Which lines run from the one with "Jeu de tournevis" through the end of the data? Retype them exactly, without pictures.

- Given data -

========

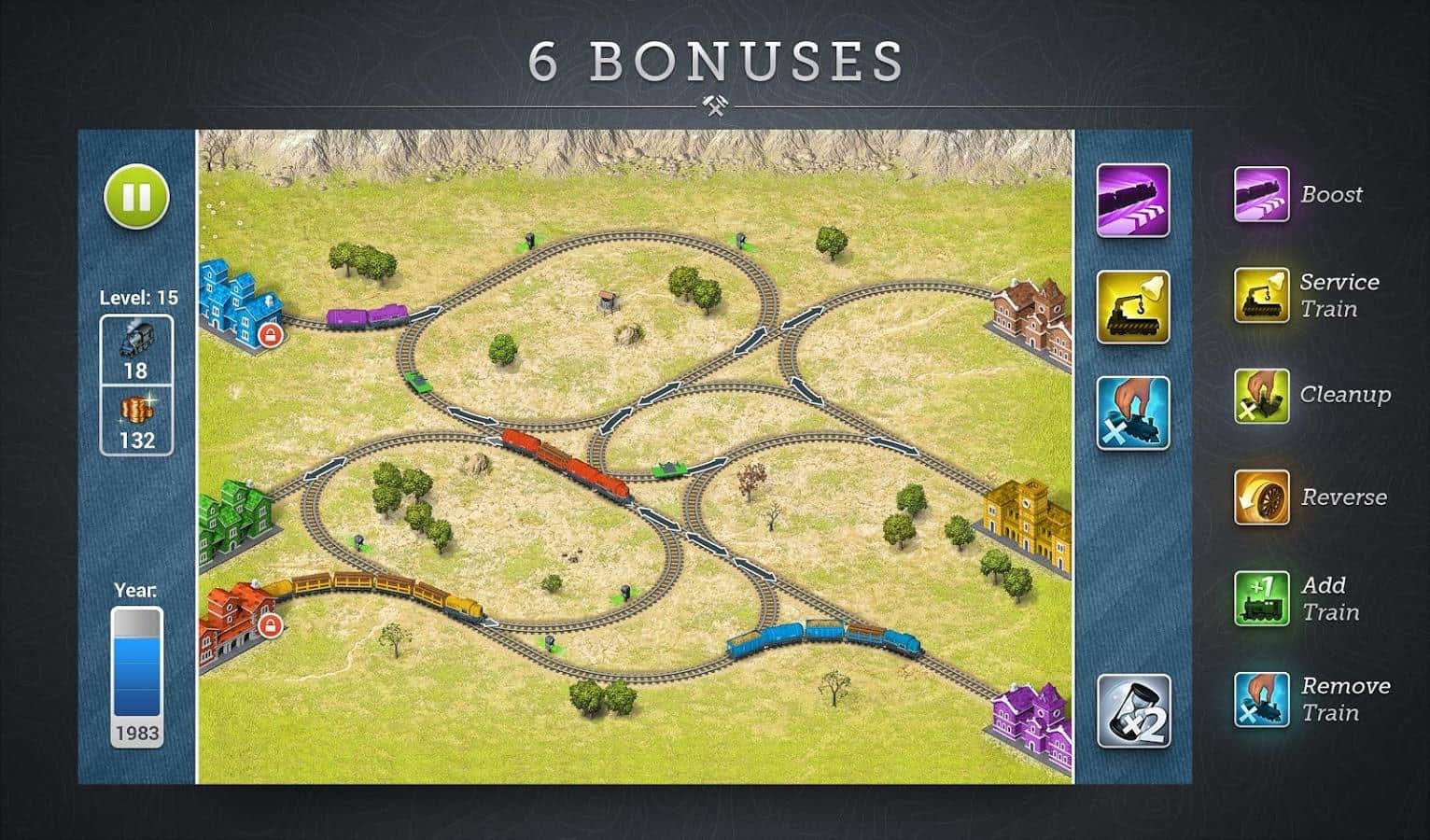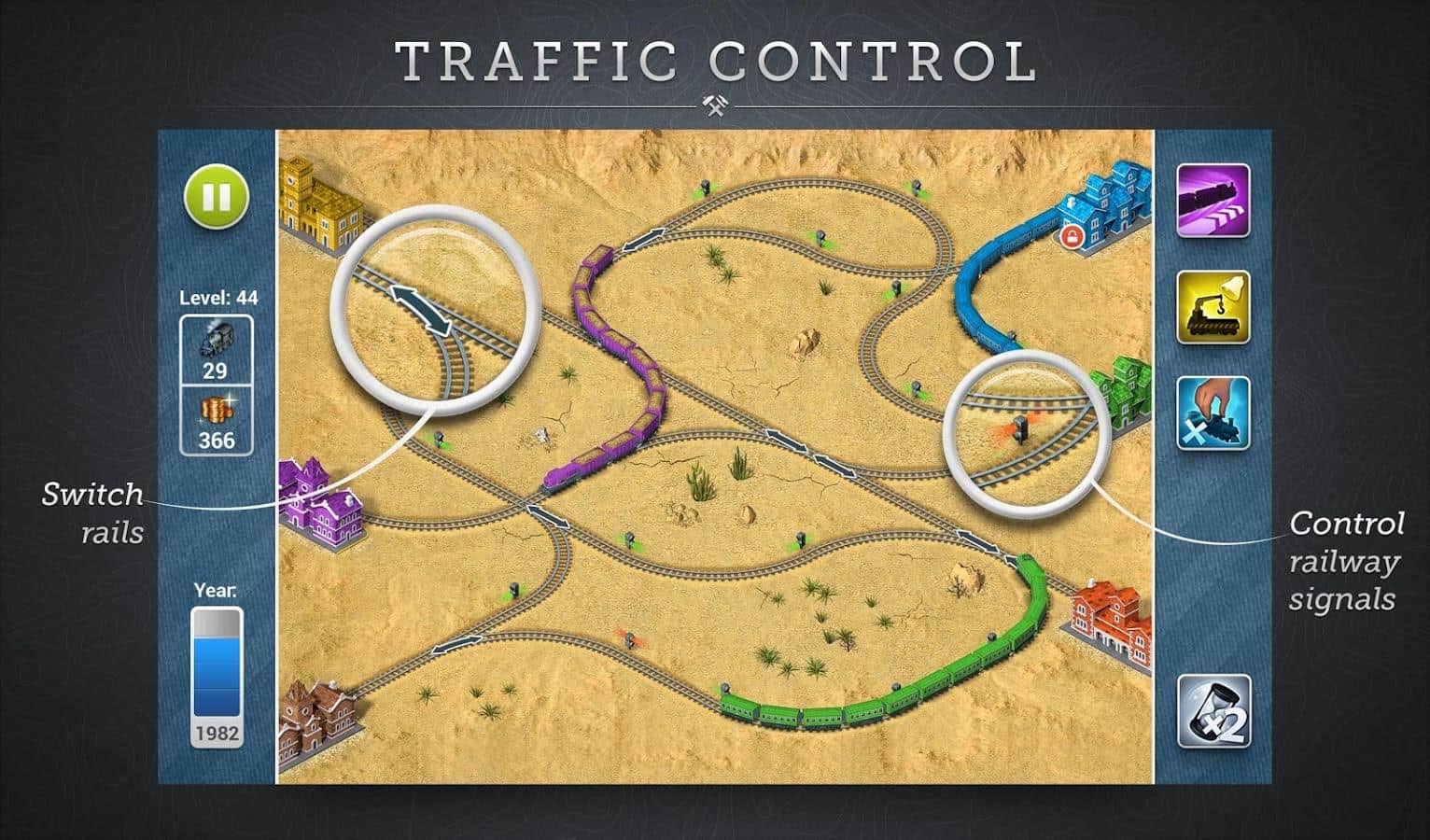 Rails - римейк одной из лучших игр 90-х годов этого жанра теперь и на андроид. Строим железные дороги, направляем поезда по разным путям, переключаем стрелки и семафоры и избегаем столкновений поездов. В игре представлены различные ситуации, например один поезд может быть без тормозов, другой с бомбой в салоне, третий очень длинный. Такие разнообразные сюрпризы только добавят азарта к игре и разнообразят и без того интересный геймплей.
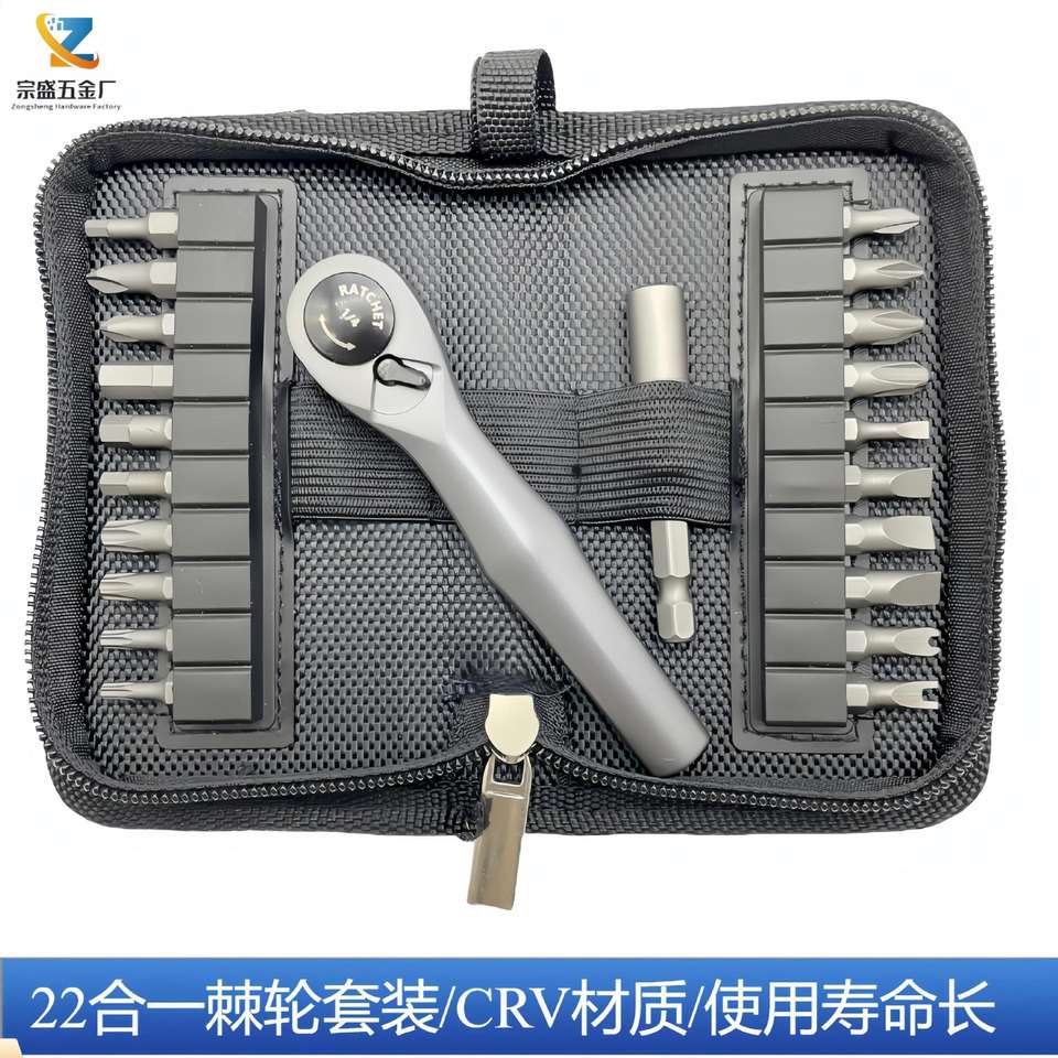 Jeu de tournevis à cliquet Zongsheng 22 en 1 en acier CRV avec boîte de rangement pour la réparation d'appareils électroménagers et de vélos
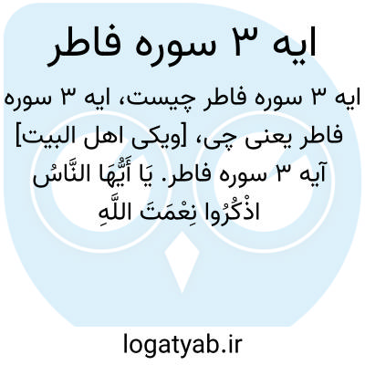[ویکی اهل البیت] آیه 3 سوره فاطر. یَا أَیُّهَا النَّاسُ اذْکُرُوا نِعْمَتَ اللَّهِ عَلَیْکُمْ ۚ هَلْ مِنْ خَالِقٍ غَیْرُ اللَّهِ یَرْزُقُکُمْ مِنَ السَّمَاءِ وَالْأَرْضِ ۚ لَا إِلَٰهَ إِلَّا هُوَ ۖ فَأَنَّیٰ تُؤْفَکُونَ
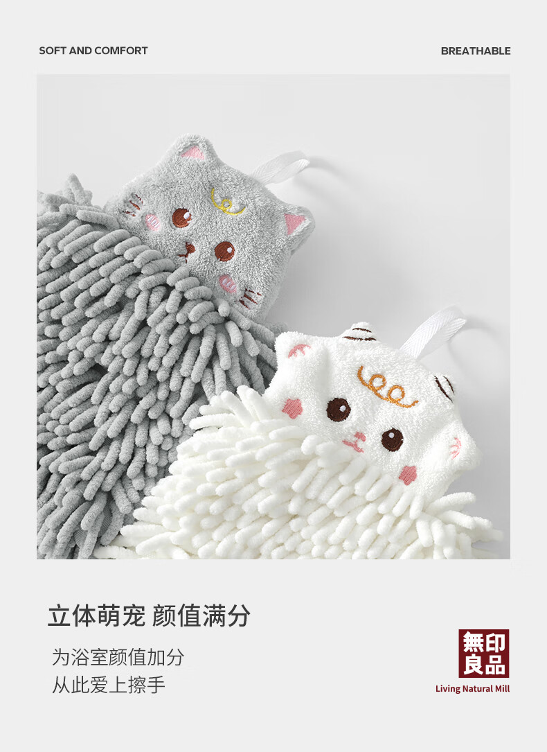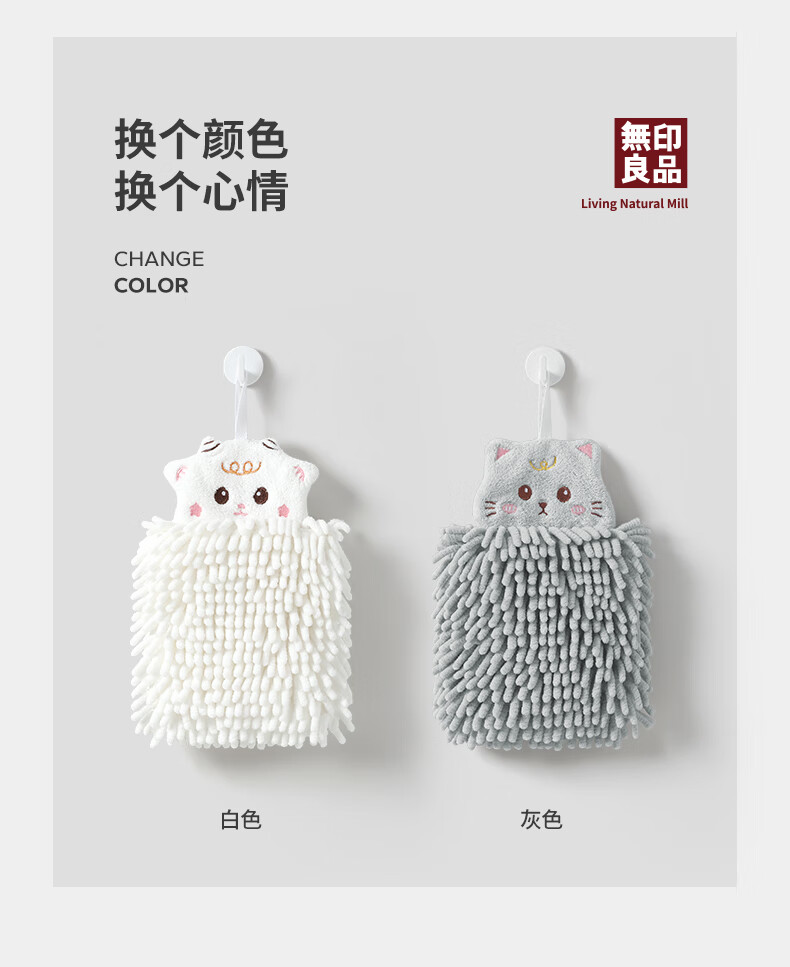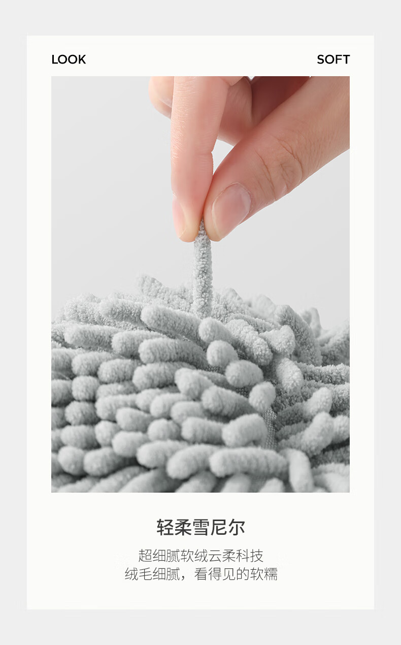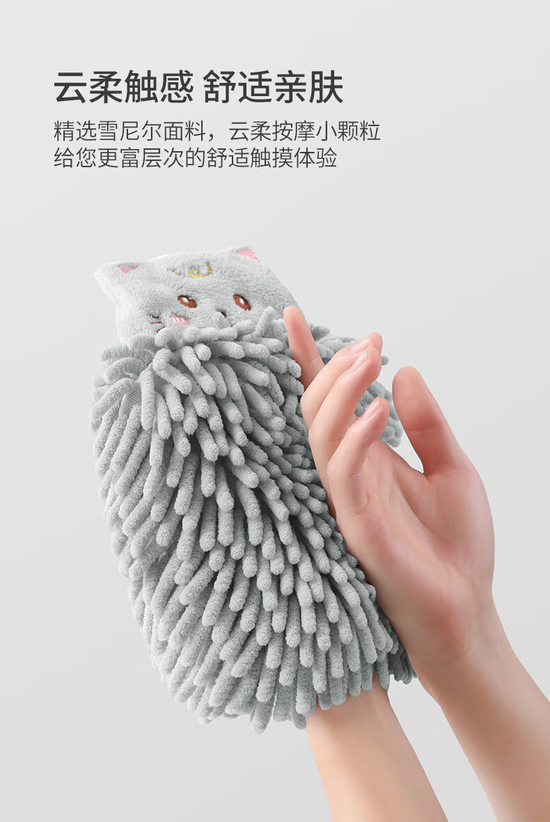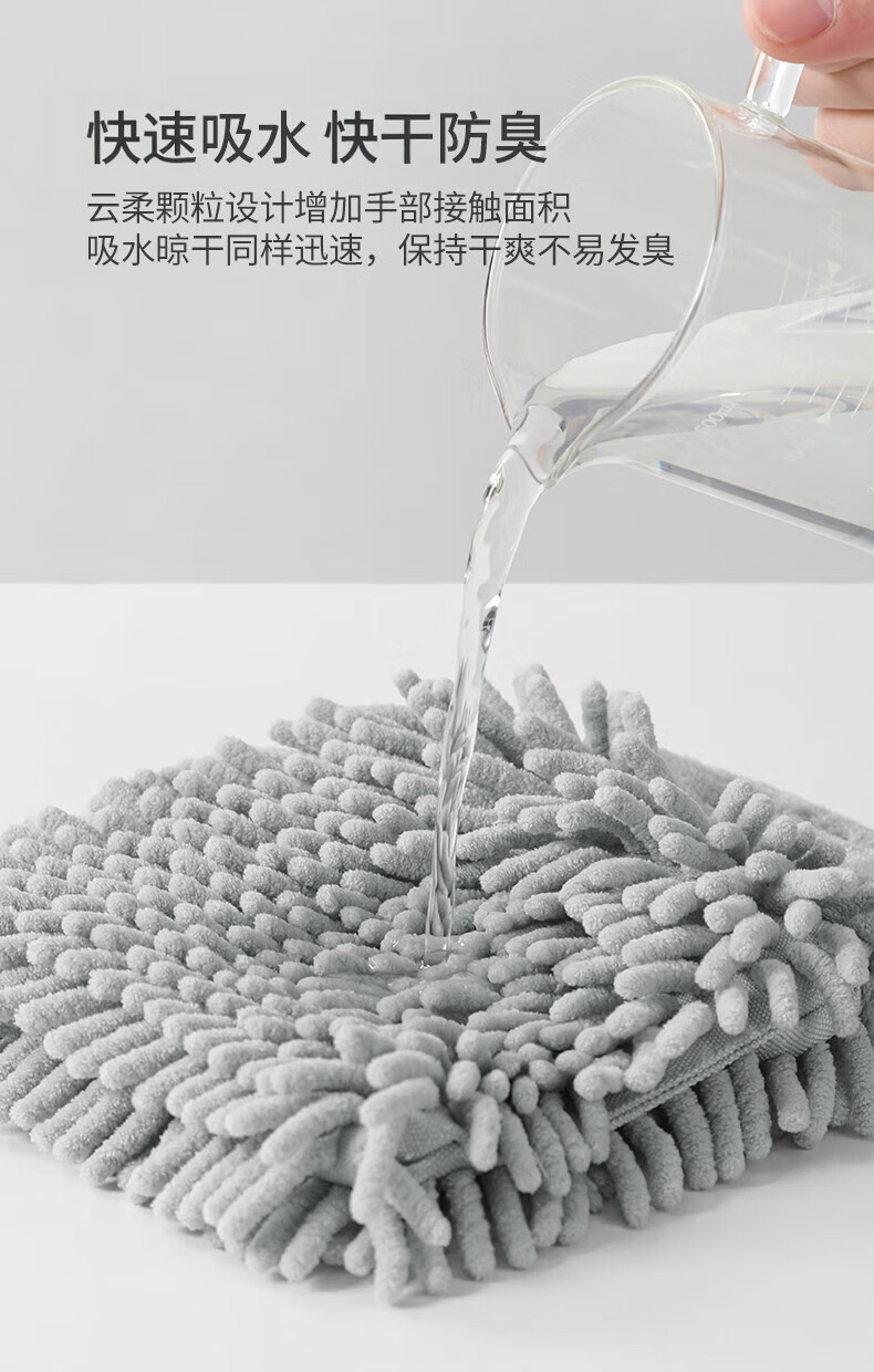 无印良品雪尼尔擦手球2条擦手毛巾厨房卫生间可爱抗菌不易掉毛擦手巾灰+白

========

- Written reply -
 Jeu de tournevis à cliquet Zongsheng 22 en 1 en acier CRV avec boîte de rangement pour la réparation d'appareils électroménagers et de vélos
[ویکی اهل البیت] آیه 3 سوره فاطر. یَا أَیُّهَا النَّاسُ اذْکُرُوا نِعْمَتَ اللَّهِ عَلَیْکُمْ ۚ هَلْ مِنْ خَالِقٍ غَیْرُ اللَّهِ یَرْزُقُکُمْ مِنَ السَّمَاءِ وَالْأَرْضِ ۚ لَا إِلَٰهَ إِلَّا هُوَ ۖ فَأَنَّیٰ تُؤْفَکُونَ
 无印良品雪尼尔擦手球2条擦手毛巾厨房卫生间可爱抗菌不易掉毛擦手巾灰+白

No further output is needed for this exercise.